**TASK REQUIREMENTS**. Only the stretch below from the line holding "Malá finská sauna" through the line holding "Herbstliche Spiegelung am" should be restated, word for word and with both ends included; pictures stay out.
=== GIVEN RECORDS ===
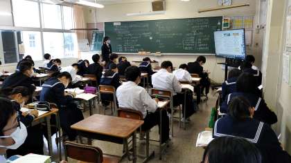 12月7日(火)1年生「授業の様子」 公開日 2021/12/08 更新日 2021/12/08 1年生 1組は数学で図の平行移動を作図していました。 2組は社会で南アメリカ州の特色について学習していました。
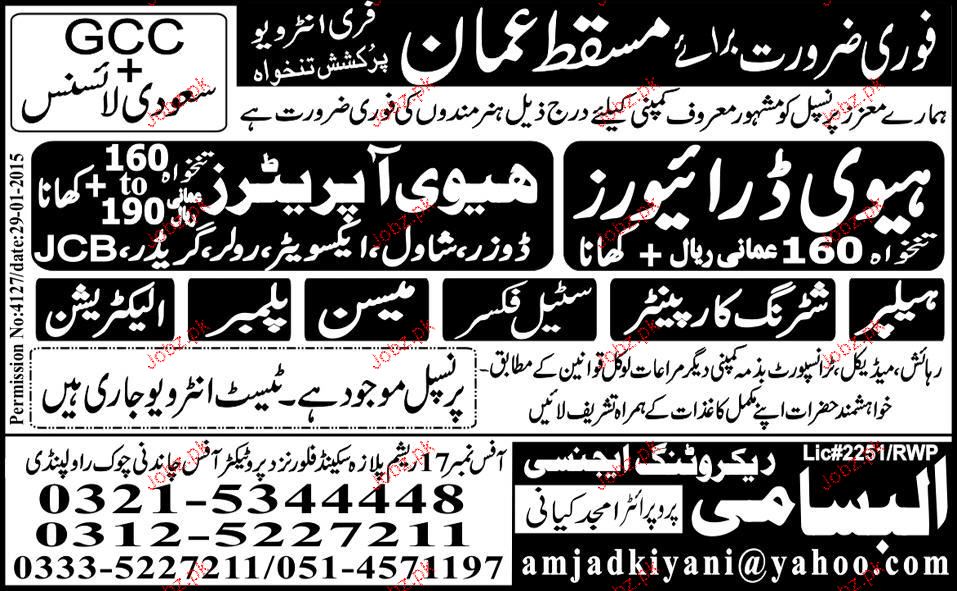Heavy Duty Drivers, Grader Operators and Shuttering Carpenters are required in O`
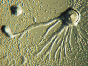 Используя фототропизм слизевика, ученые выманили его ярким светом с бактериального пастбища на бесплодный агар. Там, куда приползали фермеры, начинали расти клебсиеллы, следовательно, слизевики могут их переносить даже на стадии псевдоплазмодия.
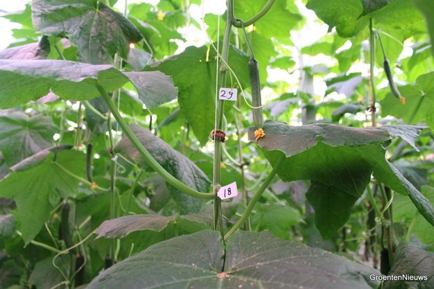 Wat viel op? Eigenlijk niet zoveel, en dat is juist positief. De LED-lampen gingen af en toe aan en uit. Wie iets beter kijkt, ziet het resultaat van een aangepast snoeibeleid, maar los daarvan toch bovenal een gezonde komkommerteelt.
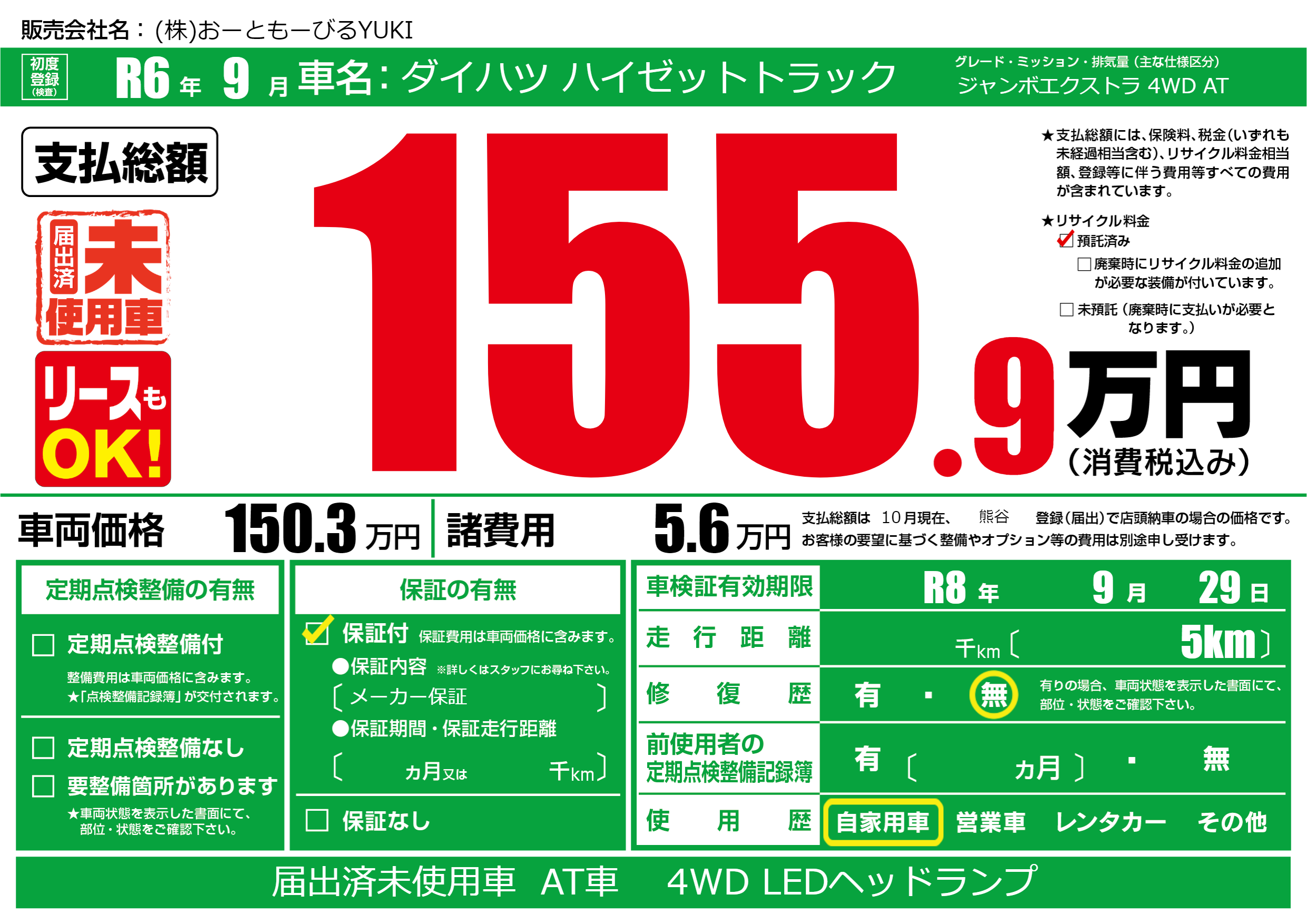 | 走行キロ | - | 初年度登録 | R6年9月 |
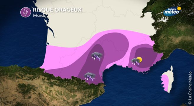 Après un lundi déjà orageux au sud-ouest, ceux-ci se décalent vers la région PACA avec toujours un risque important de fortes pluies et de grêle ce mardi 9 juillet. Partout ailleurs, sur les deux tiers nord de la France, une météo ensoleillée persiste mais la sécheresse se fait sentir.
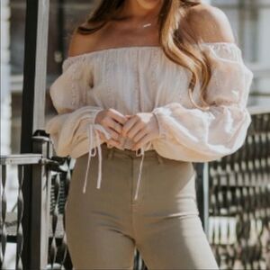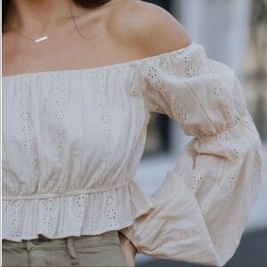 NWT Hyfve Top Off Shoulder Eyelet Lace Crop Long Balloon Sleeve Beige Color
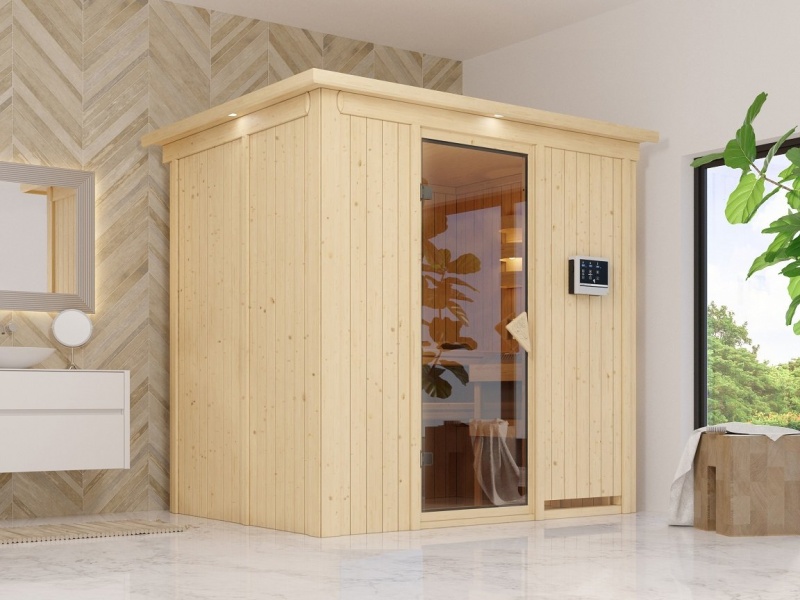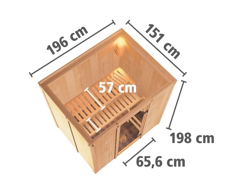 Malá finská sauna Karibu Bodin pro dvě osoby. Má čtvercové rozměry 196 × 151 cm. Tento model finské sauny je určený do temperovaných interiérů domu nebo bytu.
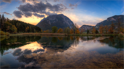 Herbstliche Spiegelung am Grimming in Trautenfels (Steiermark)
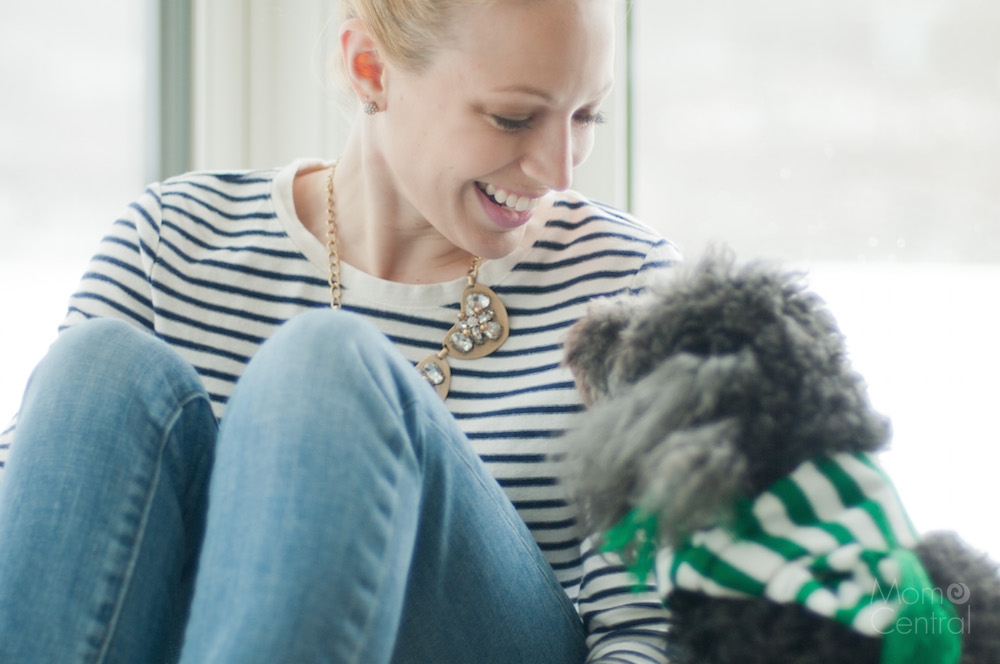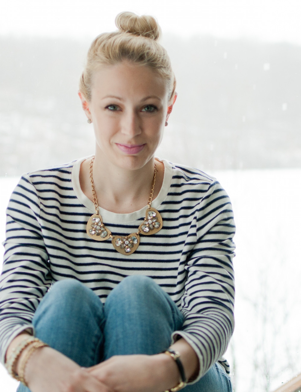 This outfit is very typical of what I like to wear, the nautical stripes are an easy go-to for me, and I like to accessorize with some simple jewelry and a fun shoe, leopard print flats in this instance. I’ve also been in a very long gold “phase” and tend to wear gold jewelry like my necklace and bracelet featured in these photos. A few daily staples are my Marc Jacobs watch and gold stud earrings I got at a church rummage sale – great place for spotting unique finds.
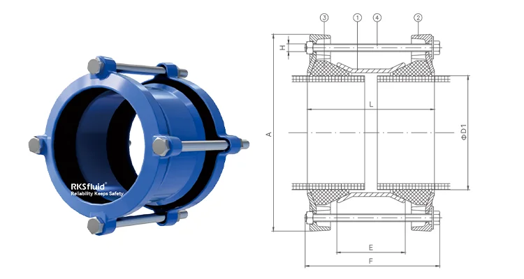 Китайский производитель ковкого чугуна, труба из ПЭВП, универсальная широкодиапазонная гибкая муфта, легкий вес для трубного соединения
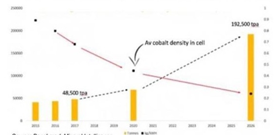 Cobalt Demand (tpa) vs Average Cobalt Density in Battery Cells (kg/kWH)
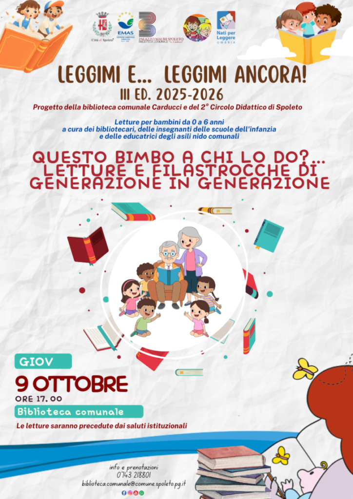 Giunta alla terza edizione, l’iniziativa, organizzata dalla Biblioteca comunale “G. Carducci” e il 2° Circolo Didattico di Spoleto, partner del Patto locale della lettura, si articolerà in 8 incontri a partire dal prossimo 9 ottobre fino a maggio 2026.
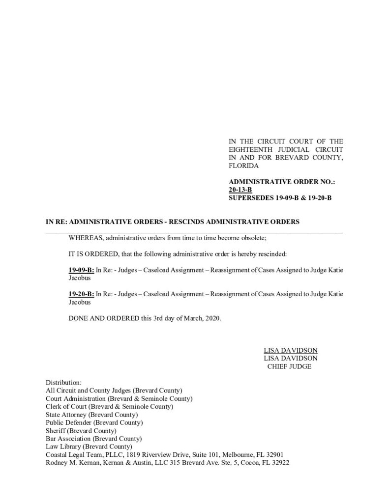 20-13-B IN RE: ADMINISTRATIVE ORDERS – RESCINDS ADMINISTRATIVE ORDERS – ORDERED 3/03/2020 BY LISA DAVIDSON
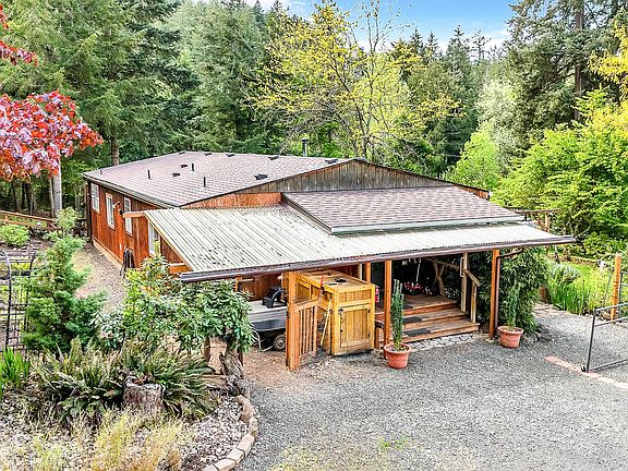 Welcome to 29510 Simmons Rd, Eugene, OR a serene retreat nestled on 1.61 private acres. This remodeled 1988 manufactured home, updated in 2000, boasts 1,296 sqft of comfortable living space. Offering 3 spacious bedrooms an office and 2 bathrooms, is perfect for those seeking peace and natural beauty. The gently sloping property is a gardener's dream, featuring a vibrant vegetable garden, strawberries, blueberries, and fruit trees and more. The landscape is meticulously maintained, with fenced sections including a dedicated chicken or dog run. Surrounded by lush, healthy maintained trees, this private sanctuary is perfect for those who value space and self-sufficiency. Come and experience the blend of tranquility and practical amenities that await at this lovely countryside escape.
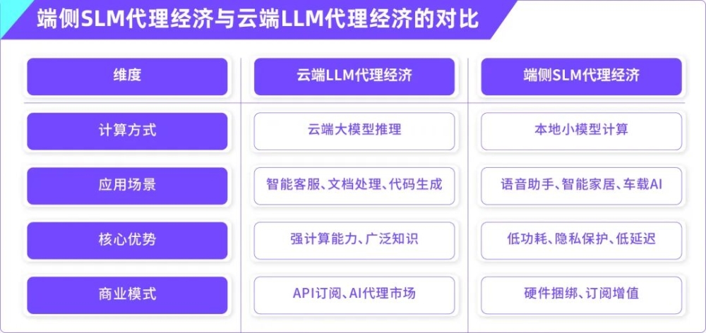 相比LLM主要依赖云端API访问,SLM代理经济的核心驱动力在于以下几点:
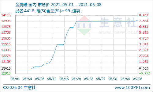 上游方面,2021年5月上游金属硅(441#)价格强势运行。据生意社数据显示,5月31日国内金属硅(441#)市场均价为13991.67元/吨,较5月初(5.1)市场均价13641.67元/吨,涨幅为7.49%。涨幅主要在5月中上旬,下半月金属硅(441#)价格基本持稳运行为主。进入六月,金属硅持续高位坚挺运行,截止8日,福建地区#441硅市场价格维稳,目前价格区间在13300-13400元/吨,市场均价13300元/吨;昆明地区#441硅市场价格维稳,目前价格区间为13800-13900元/吨,均价13850元/吨;上海地区金属硅市场#441硅价格维稳,目前价格区间在14600-14800元/吨,均价14700元/吨;黄埔港地区#441硅市场价格维稳,目前价格区间在14100-14200元/吨,市场均价14150元/吨;天津港地区#441硅市场价格小幅上涨,目前价格成交区间在14200-14300元/吨,市场均价为14250元/吨。
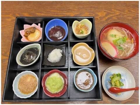 ずらりと並んだ餅は、小豆にくるみ、納豆、ゴマ等々、甘辛さまざまな味付けが施され、更にそこに汁物を兼ねた雑煮や本膳にも欠かせない大根おろしが添えられる。こう書くとすぐにおなかいっぱいになってしまうのでは?と思われる方もおいでだろうが、なにせすべてが搗き立ての餅なので、その柔らかさと温かさに惹かれて、ついついつるつるといただけてしまう。甘い餅と辛い餅の間に大根おろしをはさむことで口の中がさっぱりして、次の餅が美味しく食べられる。
===
**PROBLEM SOLUTION**.
 Malá finská sauna Karibu Bodin pro dvě osoby. Má čtvercové rozměry 196 × 151 cm. Tento model finské sauny je určený do temperovaných interiérů domu nebo bytu.
 Herbstliche Spiegelung am Grimming in Trautenfels (Steiermark)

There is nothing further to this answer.